Я помню, как стояла в самом последнем торговом ряду, у реки, течение которой стремительно несло тонкие льдины. Редкий снег кружил в тягостной серости воздуха, попадая на лицо, волосы, замерзшие руки, и тут же бесследно исчезал. Было промозгло, и отовсюду тянуло сыростью и болезнью.
Подлостью и болезнью. Потому что кроме подлости, страха, голода и болезни не было ничего человеческого в холодном мрачном городе у холодной глубокой реки.
Я сжимала в руках норковую горжетку - единственную ценную вещь, которую волей случая удалось спасти при пожаре, и которую я берегла до последнего, как память о матери. Но одинокий прохожий кидал вялый взгляд на переминающуюся с ноги на ногу темную колонну горожан, оттесненных к реке гулким мужицким базаром. Темную колонну, с отчаянной надеждой торгующую своими нательными крестами.
Нет, я не кидалась прохожему под ноги, не умоляла, не звала, просто застыла в ожидании момента, когда короткие ноябрьские сумерки поглотит кромешная тьма тревожной ночи.
Льдины на реке шли быстро, словно пытались спастись от грядущего мороза. Скоро река остановится, и утопиться станет невозможным.
- Дорого возьмете?
Я обернулась на голос и увидела его теперь близко, совсем близко от себя. Еще давеча и третьего дня я все старалась рассмотреть его лицо, когда он стоял на мосту, подняв ворот шинели, и пристально глядел на реку.
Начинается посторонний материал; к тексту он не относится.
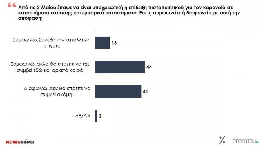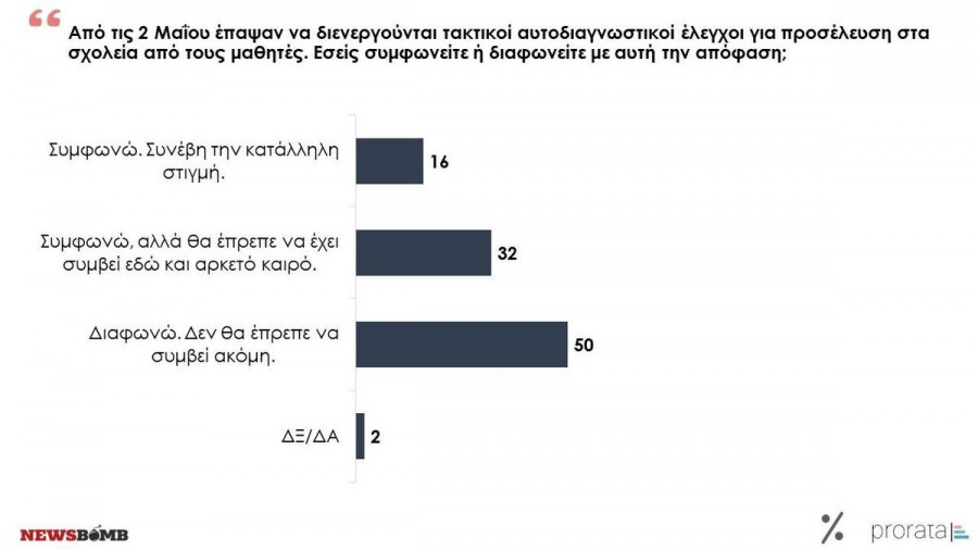 Παρά την επιμονή του ιού, φαίνεται πως η κανονικοποίηση της πανδημίας σε συνδυασμό με την κόπωση που προκύπτει από τους περιορισμούς έχει οδηγήσει σημαντική μερίδα της κοινωνίας σε μια στάση αρνητική ως προς τη διατήρηση μέτρων που μια προηγούμενη περίοδο φάνταζαν απαραίτητα. Ο παραπάνω ισχυρισμός βέβαια δεν αφορά το σύνολο των πολιτών, αλλά μια εξαιρετικά ορατή μερίδα αυτών. Το 57% θεωρεί ότι καλώς - αν και μάλλον καθυστερημένα - αποφασίστηκε η άρση της υποχρέωσης επίδειξης πιστοποιητικού σε καταστήματα, ενώ απόλυτα μοιρασμένη μοιάζει η κοινή γνώμη ως προς την απόφαση για παύση των αυτοδιαγνωστικών τεστ στα σχολεία, με το 48% να συμφωνεί και το 50% να διαφωνεί με την νέα εφαρμοζόμενη πολιτική.
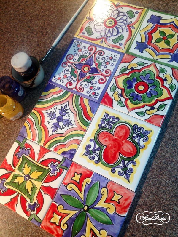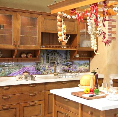 Эти фартуки из керамической плитки я расписывала для кухни в стиле кантри и прованс.
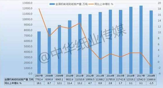 據近日國家統計局數據庫顯示,2018年1至12月我國機制紙及紙板(外購原紙加工除外,下同)累計產量為11660.6萬噸,累計增長-1.5%。這是自1998年(統計局數據庫可查詢到的數據)以來,全年機制紙和紙板產量首次出現負增長。(注:據中國造紙協會年度報告調查,2013年我國紙和紙板產量曾出現過負增長。)
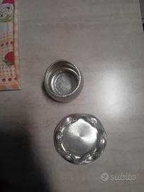 N.2 oggetti da arredamento lucenti. Un piattino sagomato diametro cm.10 e un contenitore bombato diametro 6 cm. altezza 6 cm. In materiale lucente "inalterabile" (marchio sotto).
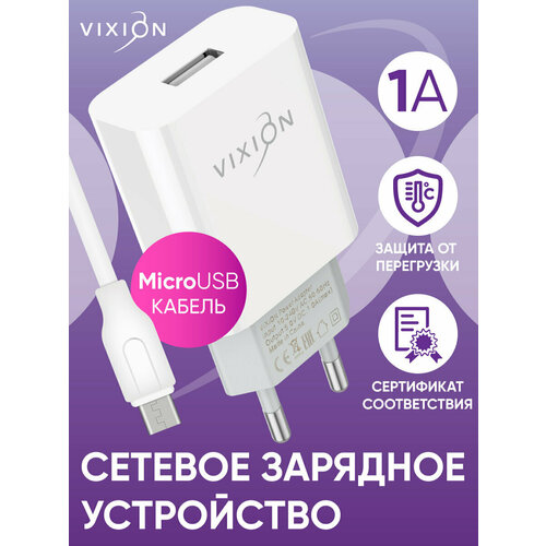 Сетевое зарядное устройство VIXION L4m (1-USB/1A) + micro USB кабель 1м
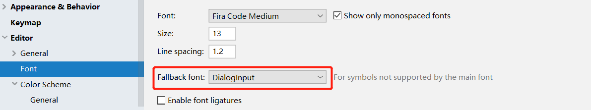 依次点击 File => settings => Editor => Font 中设置 Fallback font 为能显示中文的字体即可
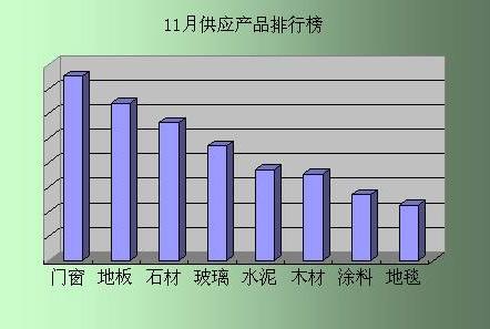 上圖我們可以看到,11月份石材http://www.stonebuy.com/、水泥、玻璃、木材等建筑材料的采購量很大,冬季在建工程很多,各大工程對這些建筑材料需求巨大。再看供應圖,可以得出門窗、地板市場http://www.stonebuy.com/enterprise/FuJian/QuanZhouShi.html供應量充足,達到了一個新高度,其他建筑材料卻是望塵莫及。mag.stonebuy.com
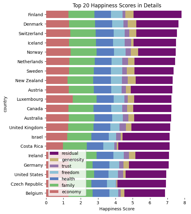 plt.title('Top 20 Happiness Scores in Details')

- Алексей, посмотри-ка сюда: норковая горжетка. Твоя Лёля будет рада, да и барышня возьмет недорого. Правда, барышня?
И они обступили меня. Их было уже трое. И этот третий, подошедший позже всех, все шутил, и смеялся, и сверкал своими черными, как смоль глазами, в которые я влюбилась до беспамятства, как влюбляются разве что в самой ранней юности или в самом позднем периоде жизни, после которого кроме немощи и страдания ничего не дано...
И я знала, что конец наступит быстро. Все об этом знали. Ветер гнал по улицам газеты, сминал, запутывал их под ногами проходивших, молча, солдат.
- Шура, Шурочка, послушай! поедем со мною в Париж! - смеялись любимые глаза, темные, пылкие, влюбчивые и непостоянные...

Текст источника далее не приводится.